1 'code2' '[code1(a,b,c)][code2(c,d,e)][code3(e,f,g)]' ...
2 'code3' '[code1(a,b,c)][code2(c,d,e)][code3(e,f,g)]' ...
...
What I'm trying to do is extract the part of the string in column Codes
that matches the pattern r"\[<code in CodeID column>[^][]*\]"
Something like:
df['Code'] = df['Codes'].str.find(r"\[<code in CodeID column>[^][]*\]")
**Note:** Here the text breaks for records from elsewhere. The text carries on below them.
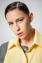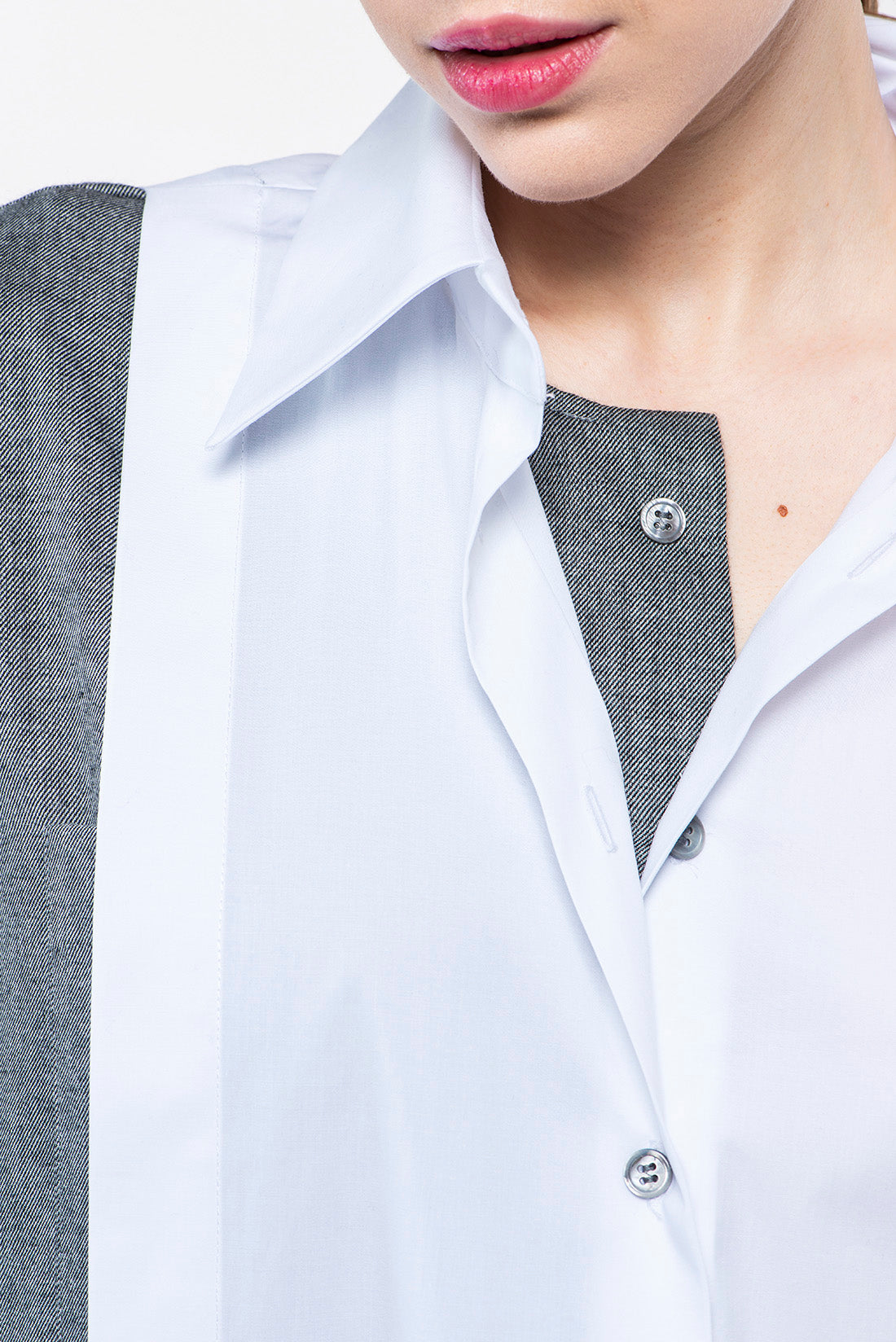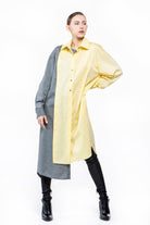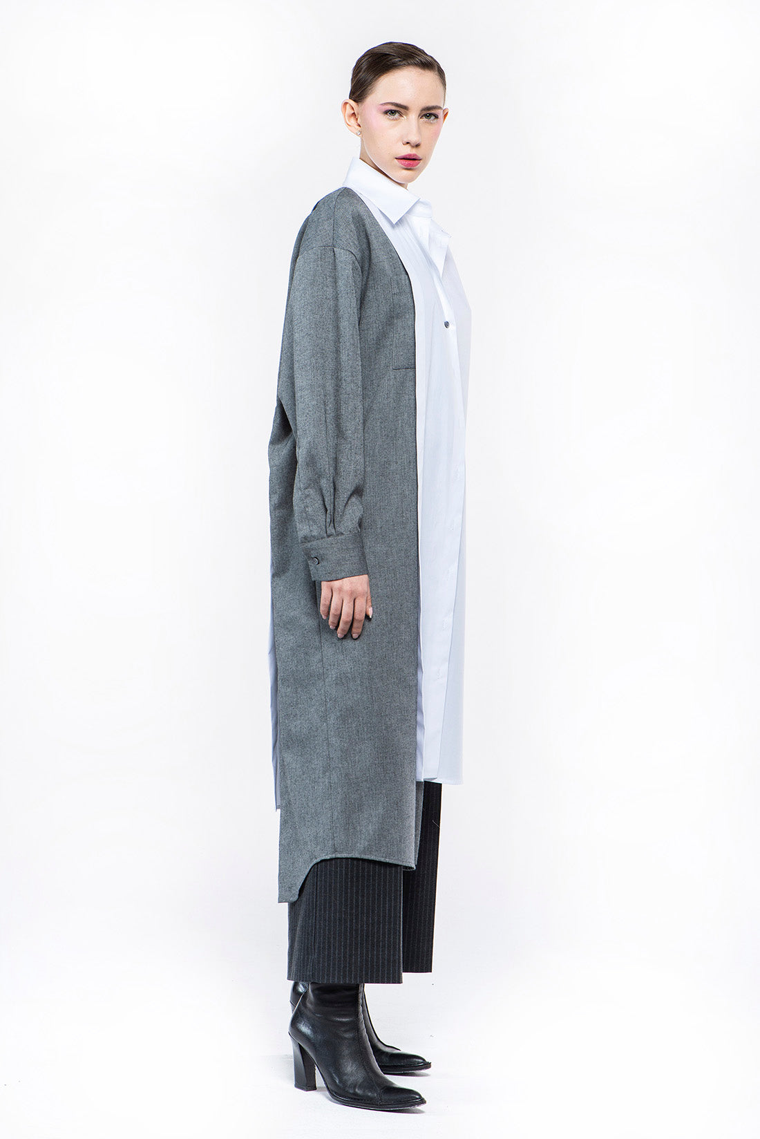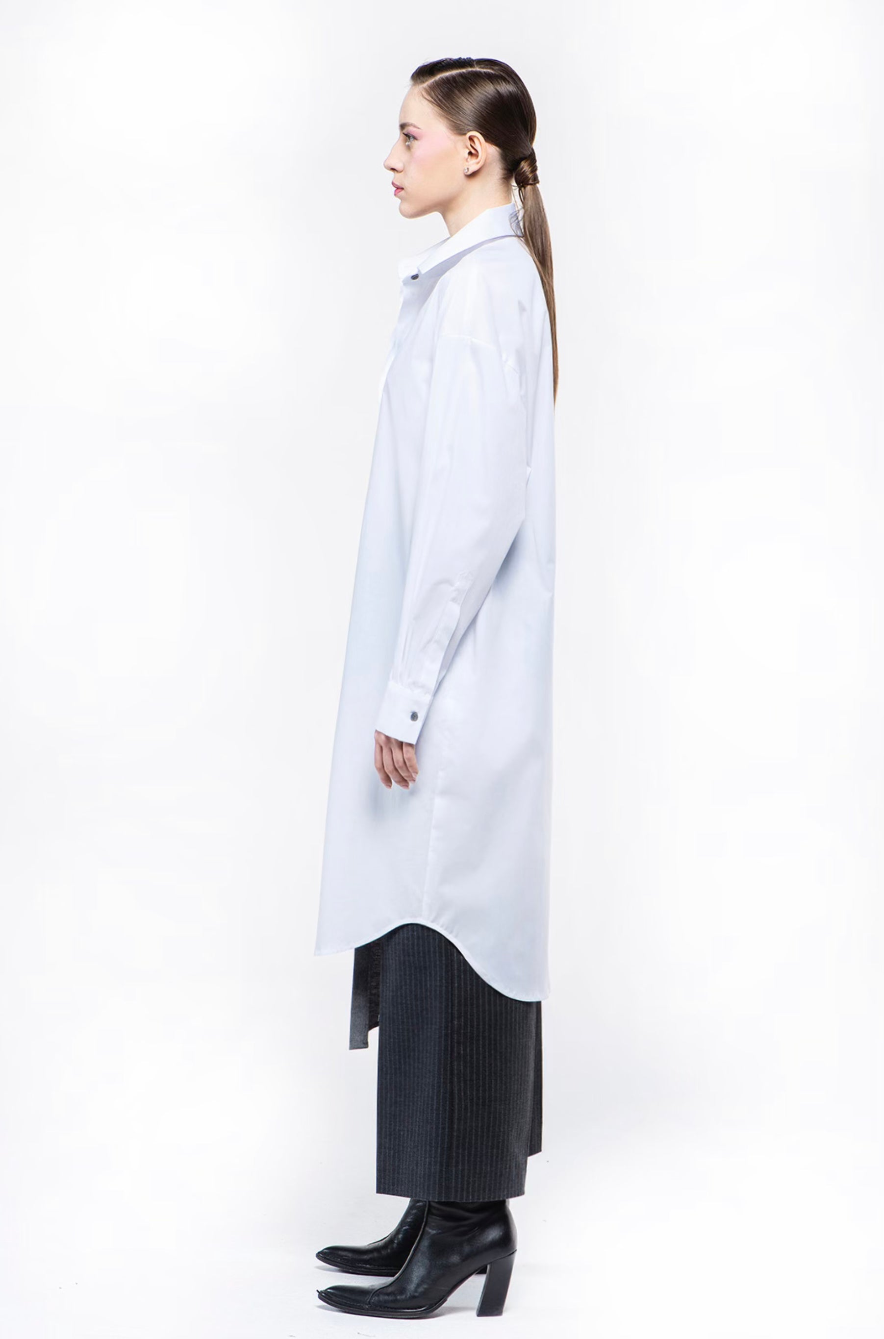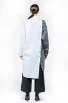Ovesize two-tone long shirt. The left hem is shorter and rounded, the right hem's cut is straight. The extra layer is featured on the front side for a double buttoning. A slit has been featured on the back right side.
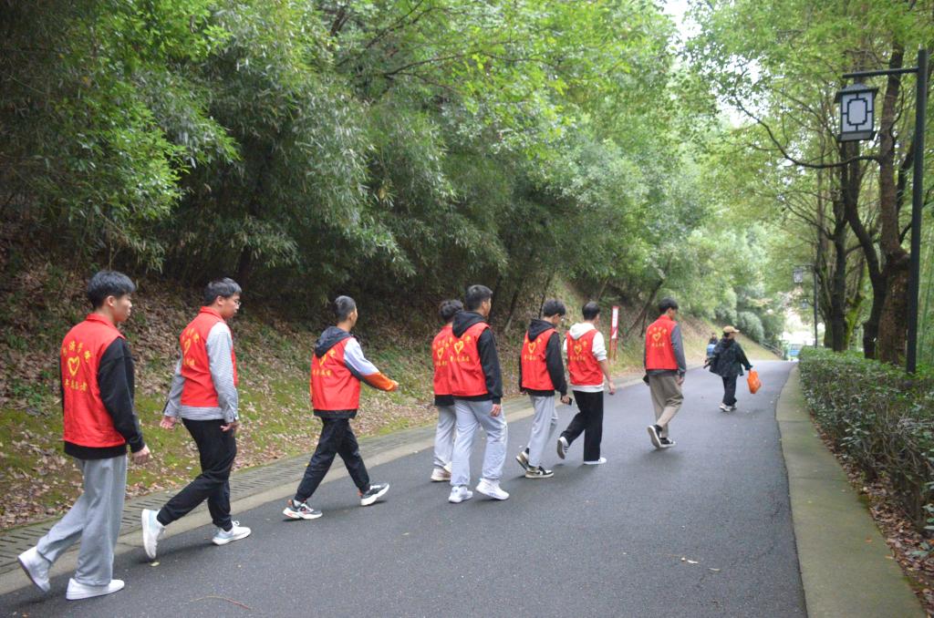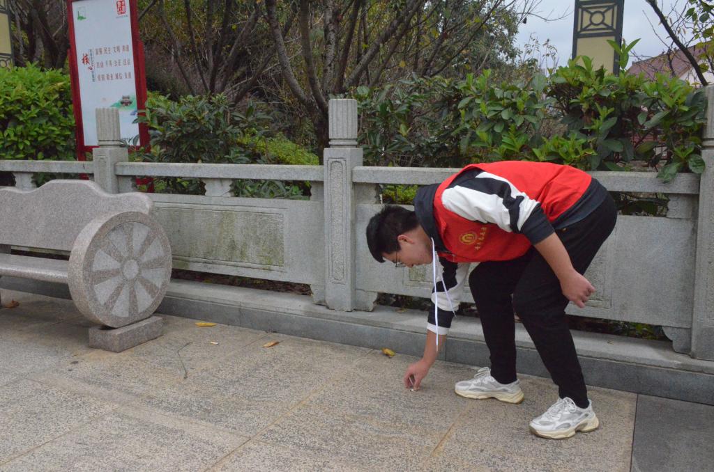 活动伊始,志愿者们分成若干小组,分工协作,手持劳动工具沿南山公园小径展开行动。共同清扫落叶,拾起散落在各处的瓶瓶罐罐,与游客们宣传公园绿水青山的幸福蓝图。各志愿者分工协作、互帮互助,推动环境保护宣传方式创新,为南山公园环境保护工作贡献绵薄之力,形成了保护环境的强大合力。
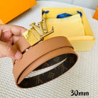 LV Initiales 30mm Reversible Belt Gold Rotating Buckle Tan Brown Leather
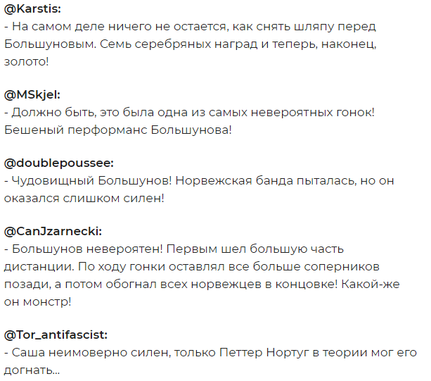 Сразу после гонки в Германии зарубежные поклонники лыжных видов спорта в западном сегменте Twitter устроили настоящую дискуссию, посвящённую успеху лыжника из России.

This recent question seems to imply it's not possible in a vectorised way but it's not exactly the same situation.
Upvotes: 2
Views: 2089
Reputation: 4375
We can certainly use string from one column to compare another like below,
In lambda expression x[0] is codeID and x[1] is codes.
import re
import pandas as pd
Out[20]:
CodeID Codes
0 'code1' '[code1(a,b,c)][code2(c,d,e)][code3(e,f,g)]'
1 'code2' '[code1(a,b,c)][code2(c,d,e)][code3(e,f,g)]'
2 'code3' '[code1(a,b,c)][code2(c,d,e)][code3(e,f,g)]'
df[['CodeID','Codes']].apply(lambda x: re.match(r"\[%s[^][]*\]"%x[0], x[1]),axis=1)
Out[21]:
0 None
1 None
2 None
dtype: object
Well it returns None because of my bad regex skills :)
Upvotes: 2